Databricks Data Lakehouse in a SAP Ecosystem for Data & Analytics
Thinking in options and synergies
The Data Lakehouse can be seen as a evolution in data architectures over time, through progressive unbundling of the classic database in a cloud-native context. While the term “Data Lakehouse” was already mentioned in 2017 for Snowflake, Databricks started from around 2020 to promote the concept and took the data world by storm.
Typical key componentes of the (Open) Data Lakehouse are:
File Formats like Parquet, ARVO or ORC for data storage, offering column store, partitioning, data compression, open source and others depending on the different formats every one has pros and cons - for the Data Lakehouse from my observation Parquet became the de-facto standard.
Open Table Formats like Delta Lake, Apache Iceberg or Apache Hudi, offering indexing, time travel, schema enforcement and evolution, ACID transactions and more - for the Data Lakehouse depending on the vendor Databricks created and use Delta Lake, while Snowflake, AWS or Dremio seems to support Apache Iceberg which could become the de-facto standard, while others may prefer Apache Hudi.

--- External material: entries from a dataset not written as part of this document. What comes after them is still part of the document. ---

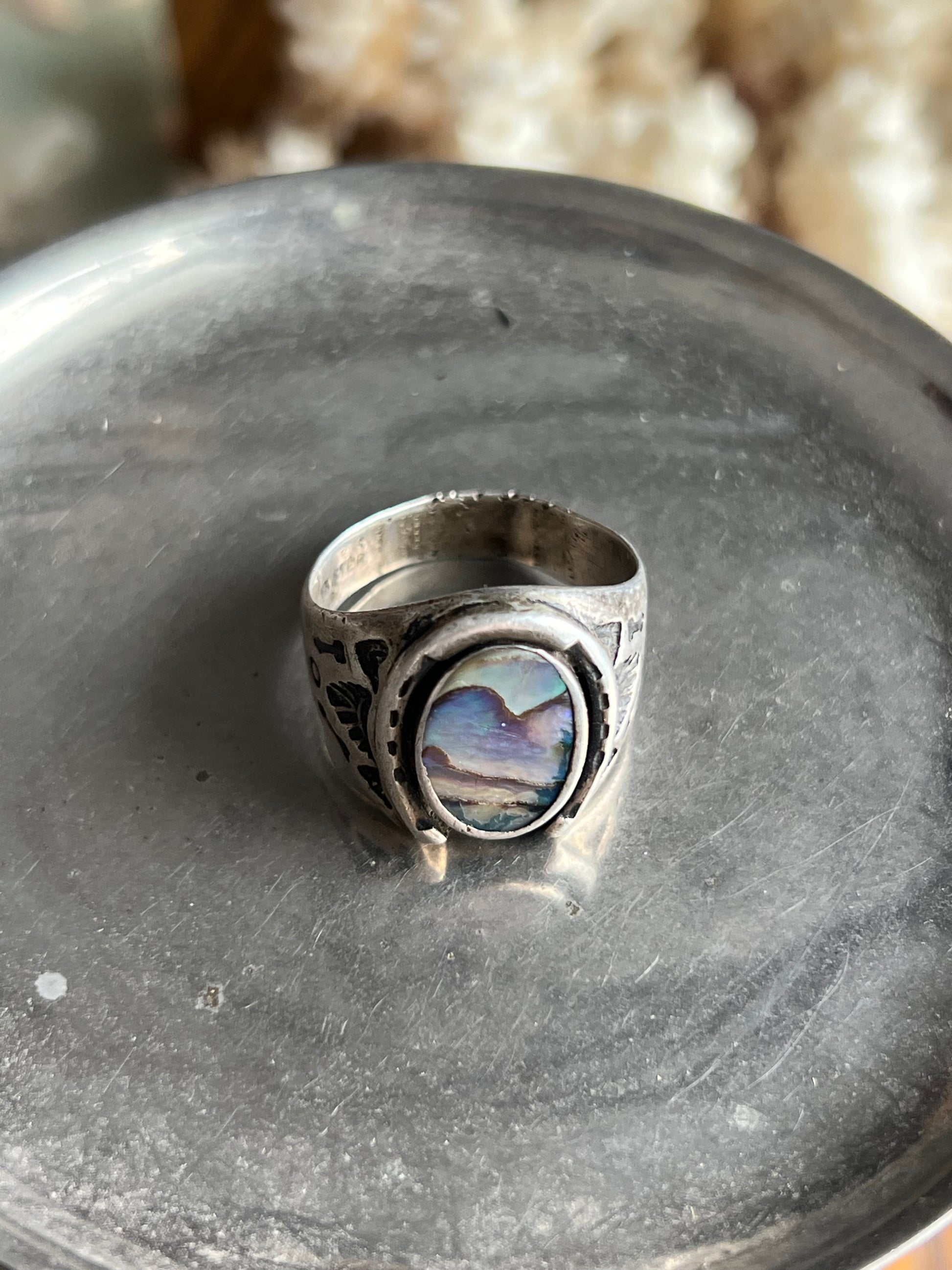 Iridescent Stone with Detailed Band
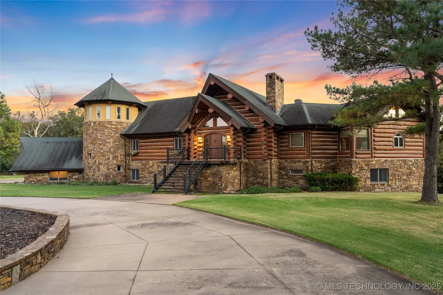 Experience riverfront living at its finest on this private 74± acre estate along the Illinois River. This custom 6,737± sq ft luxury log lodge features 5 bedrooms, 4 full baths, 2 half baths, and exceptional craftsmanship throughout. The great room showcases soaring timber ceilings, a dramatic stone and plaster fireplace, and floor-to-ceiling windows framing wooded and river views.
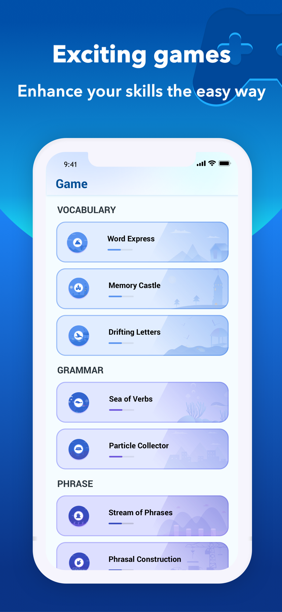 for vocabulary and grammar practice. If you need motivation to keep learning, look no further! FluenDay games are intuitive, addictive, and capable of reinforcing key knowledge points as fast as any flashcards. Even five minutes a day is enough to keep you on your language learning toes with FluenDay games!
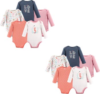 Hudson Baby long-sleeve bodysuits are an essential part of baby's wardrobe. Our bodysuits feature adorable prints, embroideries, stripes and solids and provide a comfortable base layer that's great for pairing with pants, shorts, or even wearing under outfits. Our bodysuits are comfortable and cozy for all-day, everyday wear for your little one.

Metastores (Technical Catalog) offer technical metadata to make SQL work on a object store. While Databricks used Hive Metastore which is now shifted to their Unity Catalog, Hive was for a long time kind of standard here. LinkedIn just open sourced OpenHouse and Tabular seems to show a strong supported of Apache Iceberg. These catalogs are not to be confused with Data Catalog used for Data Governance and Data Discovery.
MPP SQL query engines like Trino/Presto or Photon1 (Databricks), offering the necessary performance to process the data for ETL or BI workloads. MPP (Massively Parallel Processing) is not new and well known implementations in the Big Data World are Apache Hive or Impala. If you need performance for data transformations or queries you still need parallelization on a distributed compute framework to crunch unlimited amounts of data. Besides open source implementations like Trino/Presto, vendors implemented their own like Databricks created Photon in 2022. While Apache Spark makes here a big step to accelerate former big data queries, and Databricks was build on Spark originally, today Photon is the default engine for many tasks.
Typically these components are based on a object store/data lake technology to form what we call a “Data Lakehouse” today.
Fig. 1: The Data Lakehouse idea
Bringing both sides together promises capabilites from both sides like managing schemas or supporting Governance, while having a high flexibility in data usage.
What makes Databricks such a strong solution?
Databricks today is much more than a optimized cloud environment for Apache Spark. Over the time they build a end-to-end data service and currently excel in topics like GenAI and others.
Fig. 2: Databricks architecture2
Typical advantages of Databricks are a single data repository, simplyfing BI and ML use cases, reduced data storage costs (compared to RDMS), less data transfer and redundancy and support for ACID-compliant transactions on a data lake infrastructure.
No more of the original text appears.